Vorteile der verlängerten Embryokultur können in Abhängigkeit vom Lebensalter und vorausgehenden Transfers in der verbesserten Entwicklungsbeobachtung und Identifikation von Embryonen mit gutem Einnistungspotential liegen. Allerdings sind auch mit optimal entwickelten Embryonen und Transfer am Tag 3 vergleichbare Schwangerschaften zu erzielen. Bedingt durch die gute Eizell- und Embryonalqualität profitieren v.a. jüngere Frauen oft mehr vom Tag 3 Transfer in Verbindung mit der Kryokonservierung aller übrigen regulär befruchteten Eizellen.

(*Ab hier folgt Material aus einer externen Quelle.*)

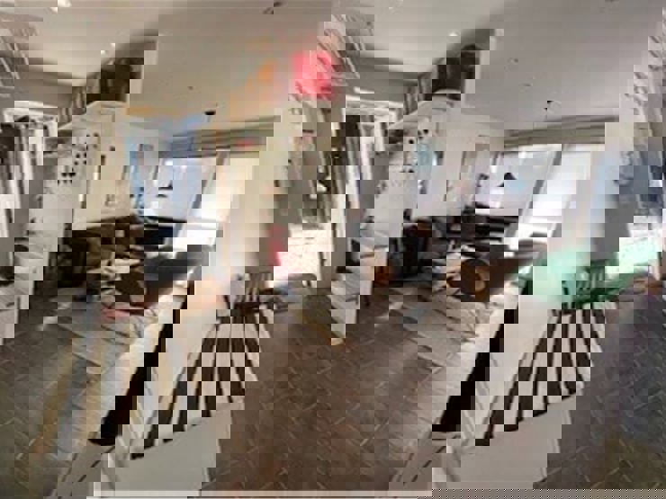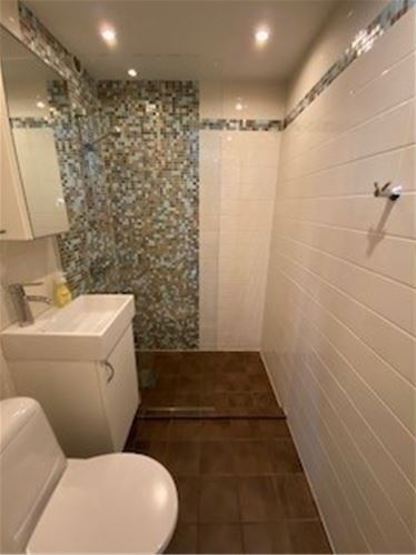 Enheden har komfur, ovn, køleskab med fryser, opvaskemaskine og kaffemaskine.
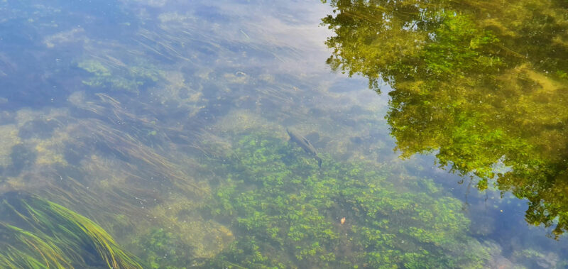 First impressions are of a clear stream where the trout can be seen enjoying the flow under a bridge.
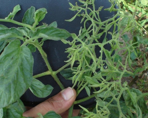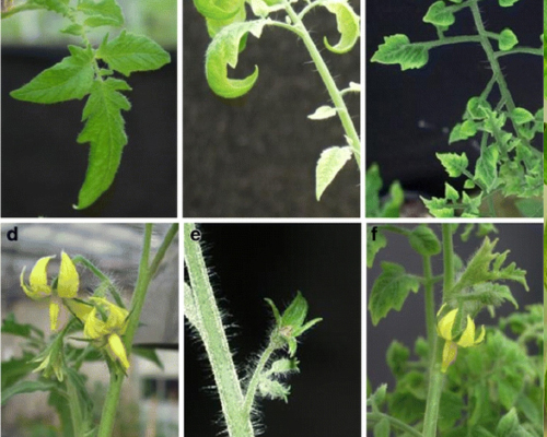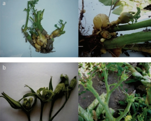 ✓ Hastalığın başlangıç belirtileri, büyümekte olan genç sürgünlerde, yapraklarda küçülme, hafif morumsu renk alması, ileri aşamada tamamen dumura uğrama ve hafif yukarı doğru kıvrılma şeklindedir. Hastalığın ileri dönemlerinde çiçekte şekil bozuklukları görülür. Genel olarak çanak yapraklarda anormal büyüme, taç yapraklarda tamamen veya kısmen dumura uğrama, dişi ve erkek organlarda deformasyon ve kısırlaşma meydana gelir Çiçekteki bu belirtisi nedeniyle hastalık “domateste iri tomurcuk” olarak adlandırılır. Çiçeklenme periyodundan önce gerçekleşen erken enfeksiyonlarda, hiçbir çiçeğin oluşmadığı görülür. Böyle durumlarda meyve oluşmamaktadır. Geç enfeksiyonlarda ise inkübasyon periyodundan önce döllenmiş meyveler olum dönemine kadar gelebilir. Böyle meyvelerin bir kısmı tamamen sertleşmiş, odunlaşmıştır, meyve tatsız ve susuzdur.
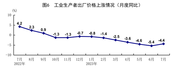7月份,全國工業生產者出廠價格同比下降4.4%,降幅比上月收窄1.0個百分點;環比下降0.2%。全國工業生產者購進價格同比下降6.1%,降幅比上月收窄0.4個百分點;環比下降0.5%。1-7月份,全國工業生產者出廠價格和購進價格同比分別下降3.2%和3.5%。
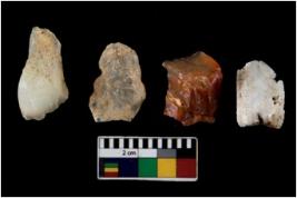 | Description / विवरण | There are n 4 ; worked utilized flakes; there are multidirectional irregular scar pattern on both dorsal and ventral face of the flakes. All are having sharp edges. |
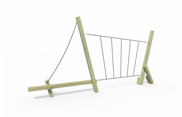 - Gebruikt hout is Vuren geïmpregneerd, met een sterkteklasse van C24. Dit constructiehout is zeer geschikt om onderhoudsvrije speeltoestellen te maken. Het hout wordt op maat gezaagd geleverd met afgeronde hoekjes.

Die Entscheidung für die verlängerte Kultur mit Identifikation von idealen Embryonen am Tag 5 ist daher immer sorgfältig zu prüfen. Vergleicht man die Ergebnisse des Deutschen IVF-Registers aus vergangenen Jahren, in denen kaum Tag 5 Transfers stattgefunden haben (www.deutsches-ivf-register.de) mit denen des Österreichischen IVF-Registers, wo seit jeher Embryonenselektion durchgeführt wird (www.bmg.gv.at), so sieht man nahezu keinen Unterschied in der Schwangerschafts- und Geburtenrate.